Thursday, February 27, 2014
Using someone else's data
There was quite a lot of activity yesterday in response to PLOS ONE's announcement regarding its data policy. Most of the discussion I saw concerned rights of use and credit, completeness of data (e.g. the need for stimulus scripts for task-based fMRI) and ethics (e.g. the need to get subjects' consent to permit further distribution of their fMRI data beyond the original purpose). I am leaving all of these very important issues to others. Instead, I want to pose a couple of questions to the fMRI community specifically, because they concern data quality and data quality is what I spend almost all of my time dealing with, directly or indirectly. Here goes.
1. Under what circumstances would you agree to use someone else's data to test a hypothesis of your own?
Possible concerns: scanner field strength and manufacturer, scan parameters, operator experience, reputation of acquiring lab.
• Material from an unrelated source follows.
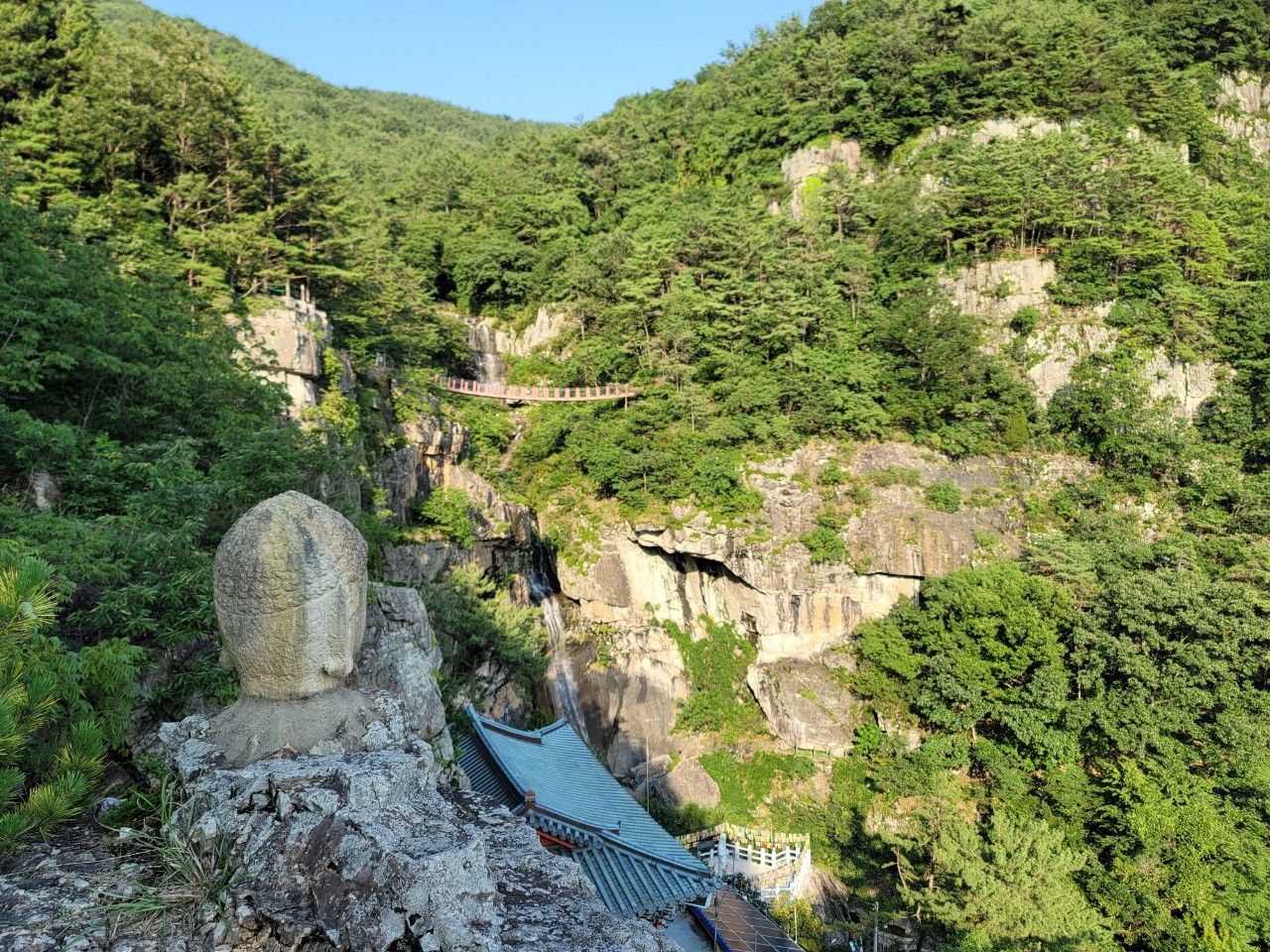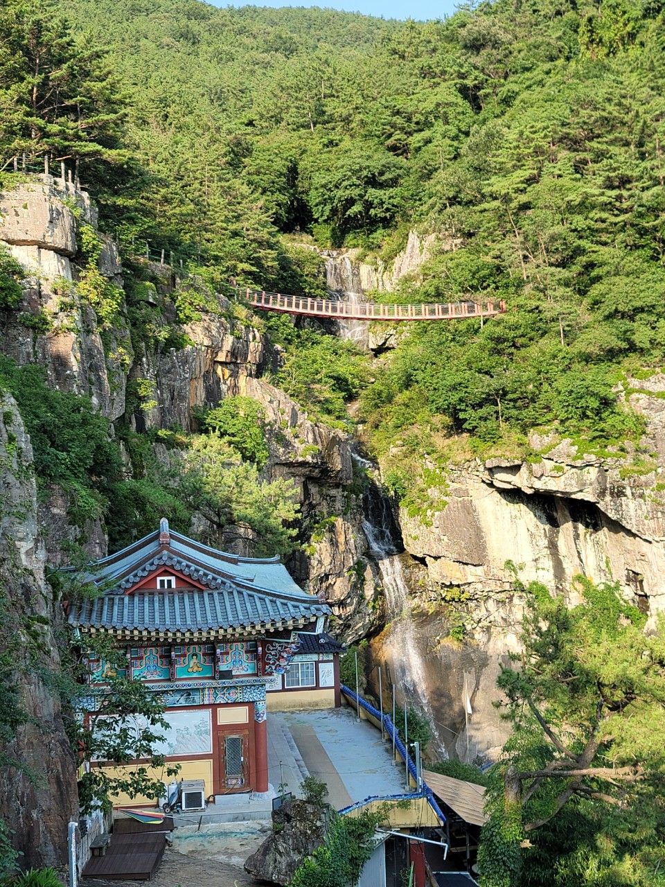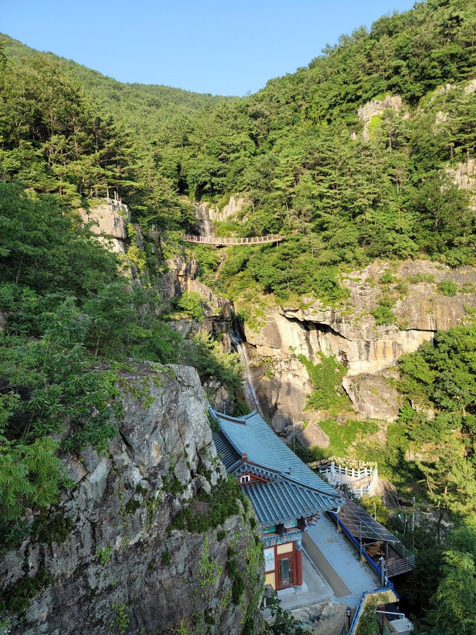 폭포암 전경도 천천히 한 번 살펴보고 여행을 마무리했습니다. 통영이나 거제, 고성 근처 가볼 만한 곳으로 시원한 폭포와 스릴만점 출렁다리가 있는 구절산 폭포암 추천합니다.

2. What form of quality control would you insist on before relying on someone else's data?
Possible QA measures: independent verification of a simple task such as a button press response encoded in the same data, realignment "motion parameters" below/within some prior limit, temporal SNR above some prior value.
If anyone has other questions related to data quality that I haven't covered with these two, please let me know and I'll update the post. Until then I'll leave you with a couple of loaded comments. I wouldn't trust anyone's data if I didn't know the scanner operator personally and I knew first-hand that they had excellent standard operating procedures, a.k.a. excellent experimental technique. Furthermore, I wouldn't trust realignment algorithm reports (so-called motion parameters) as a reliable proxy for data quality in the same way that chemicals have purity values, for instance. The use of single value decomposition - "My motion is less than 0.5 mm over the entire run!" - is especially nonsensical in my opinion, considering that the typical voxel resolution exceeds 2 mm on a side. Okay, discuss.
UPDATE 13:35 PST
Someone just alerted me to the issue of data format. Raw? Filtered? And what about custom file types? One might expect to get image domain data, perhaps limited to the magnitude images that 99.9% of folks use. So, a third question is this: What data format(s) would you consider (un)acceptable for sharing, and why?